Output exactly, in the material below, the lines from the one with "第六步:根据引导一步步配置(表前缀推荐修改下,不要用wp_)" through the one with "제가 들었던 강좌는 조성민토익". Omit all pictures.

Listed entries:
▬▬▬▬▬▬▬▬▬▬

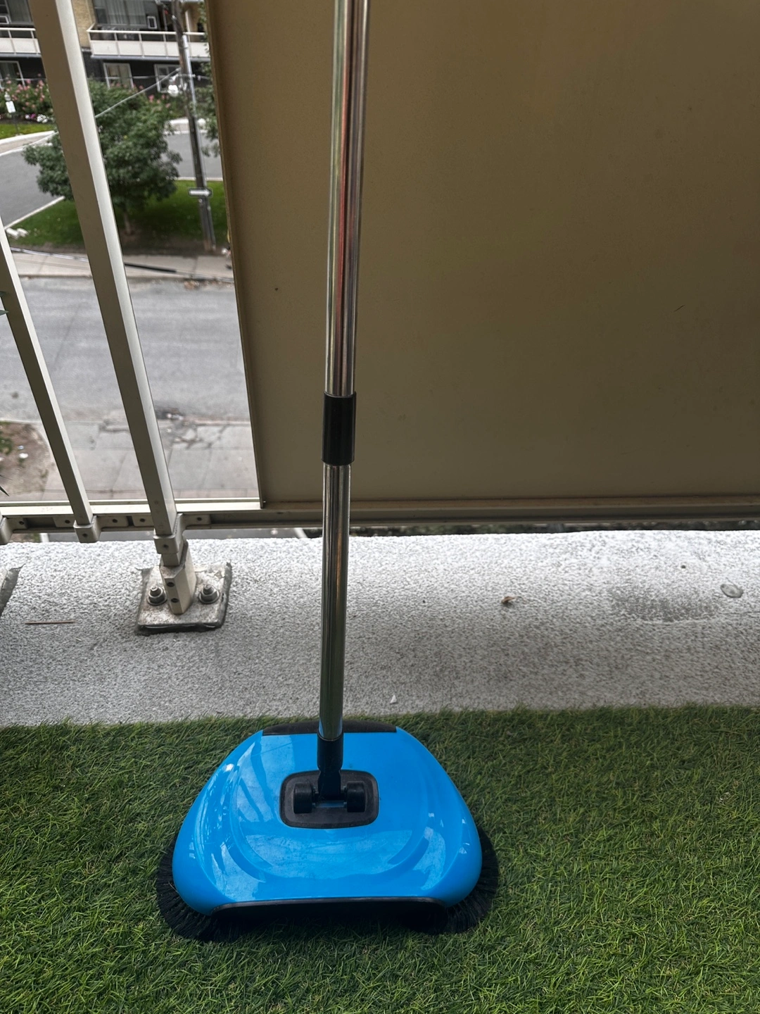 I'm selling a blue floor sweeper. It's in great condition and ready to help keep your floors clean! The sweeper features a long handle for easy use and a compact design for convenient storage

▬▬▬▬▬▬▬▬▬▬

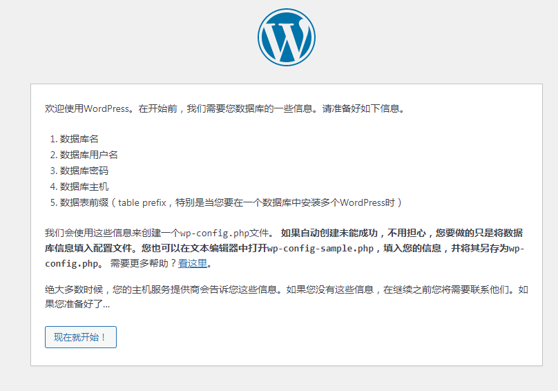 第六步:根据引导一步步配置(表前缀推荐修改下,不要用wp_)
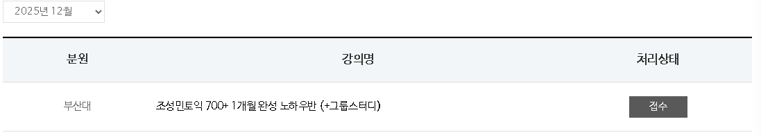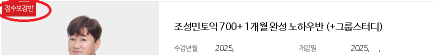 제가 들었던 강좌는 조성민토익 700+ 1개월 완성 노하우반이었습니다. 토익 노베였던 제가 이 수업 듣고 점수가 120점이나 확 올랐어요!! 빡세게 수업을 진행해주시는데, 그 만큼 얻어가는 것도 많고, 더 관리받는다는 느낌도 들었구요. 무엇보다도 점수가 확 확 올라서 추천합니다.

▬▬▬▬▬▬▬▬▬▬

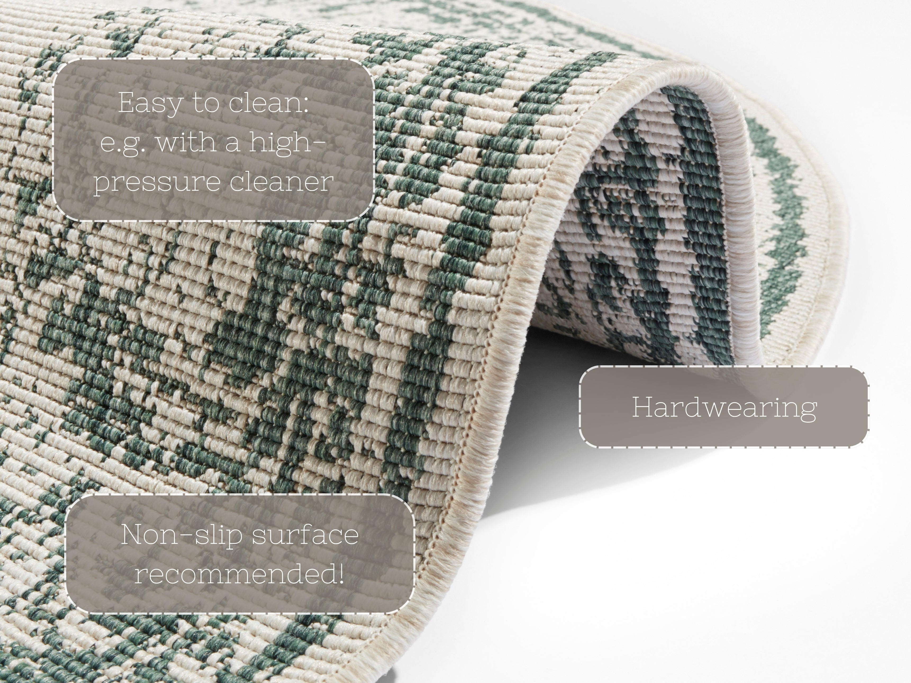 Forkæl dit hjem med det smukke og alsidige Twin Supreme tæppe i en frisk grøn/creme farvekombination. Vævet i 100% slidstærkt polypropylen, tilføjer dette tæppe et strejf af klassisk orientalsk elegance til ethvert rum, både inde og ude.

▬▬▬▬▬▬▬▬▬▬

Solved exercise:
 第六步:根据引导一步步配置(表前缀推荐修改下,不要用wp_)
 제가 들었던 강좌는 조성민토익 700+ 1개월 완성 노하우반이었습니다. 토익 노베였던 제가 이 수업 듣고 점수가 120점이나 확 올랐어요!! 빡세게 수업을 진행해주시는데, 그 만큼 얻어가는 것도 많고, 더 관리받는다는 느낌도 들었구요. 무엇보다도 점수가 확 확 올라서 추천합니다.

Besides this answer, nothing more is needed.